Suara.com - Para pemimpin dunia memuji gencatan senjata antara Hamas dan Israel, namun mereka memperingatkan masih banyak tugas menanti. Menteri Luar Negeri Otoritas Palestina mengatakan gencatan senjata itu "tidak cukup".
Israel dan Hamas telah mengumumkan gencatan senjata pada Jumat (21/05) dan disambut oleh pemerintah dari seluruh dunia yang menyerukan pihak yang bertikai untuk bergerak menuju perdamaian jangka panjang.

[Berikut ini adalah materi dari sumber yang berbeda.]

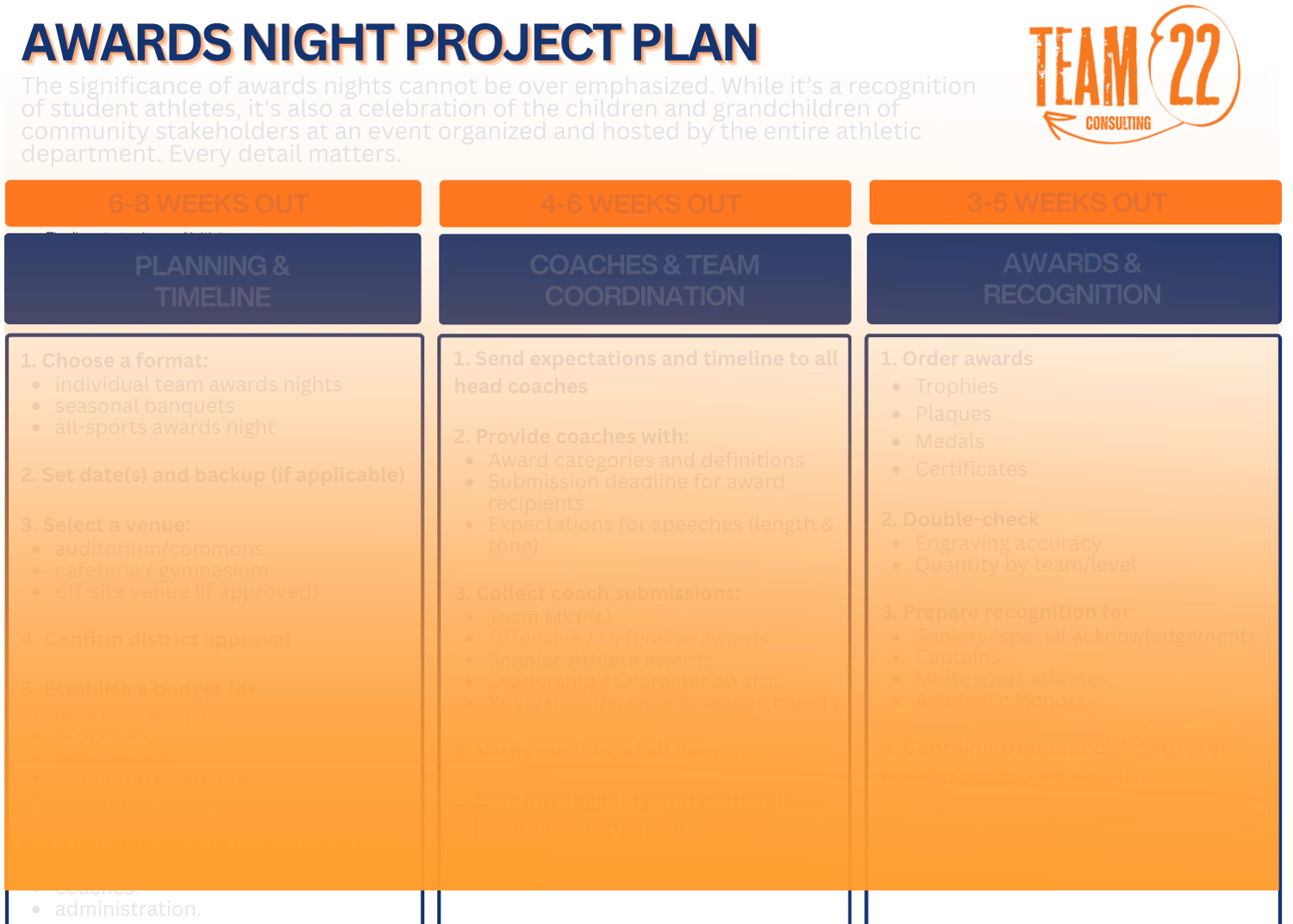 This document is a comprehensive project plan for organizing and executing a successful school athletic Awards Night. Its purpose is to guide athletic departments through a structured, week-by-week timeline that ensures thoughtful planning, clear communication, accurate recognition, and smooth event execution. It emphasizes that awards nights are not just ceremonies, but meaningful community events celebrating student-athletes, families, coaches, and the broader school community—where attention to detail matters at every stage.

Dari Amerika Serikat (AS), Presiden Joe Biden mengatakan baik warga Palestina maupun Israel "sama-sama berhak untuk hidup dengan aman dan terjamin."
Ia berjanji untuk melanjutkan "diplomasi yang tenang dan tanpa henti" untuk mencapai tujuan tersebut.
"Saya yakin kita memiliki peluang nyata untuk membuat kemajuan dan saya berkomitmen untuk bekerja ke arah itu," kata Biden.
Juru bicara Kementerian Luar Negeri Rusia, Maria Zakharova, mengatakan gencatan senjata itu adalah langkah penting tetapi masih belum cukup.
"Untuk menghindari berlanjutnya kekerasan, kita harus menggandakan upaya internasional dan regional untuk meluncurkan kembali negosiasi politik langsung antara Israel dan Palestina," ujar Zakharova.
Sementara itu pemerintah Cina meminta komunitas internasional untuk mengulurkan tangan dan membantu wilayah tersebut.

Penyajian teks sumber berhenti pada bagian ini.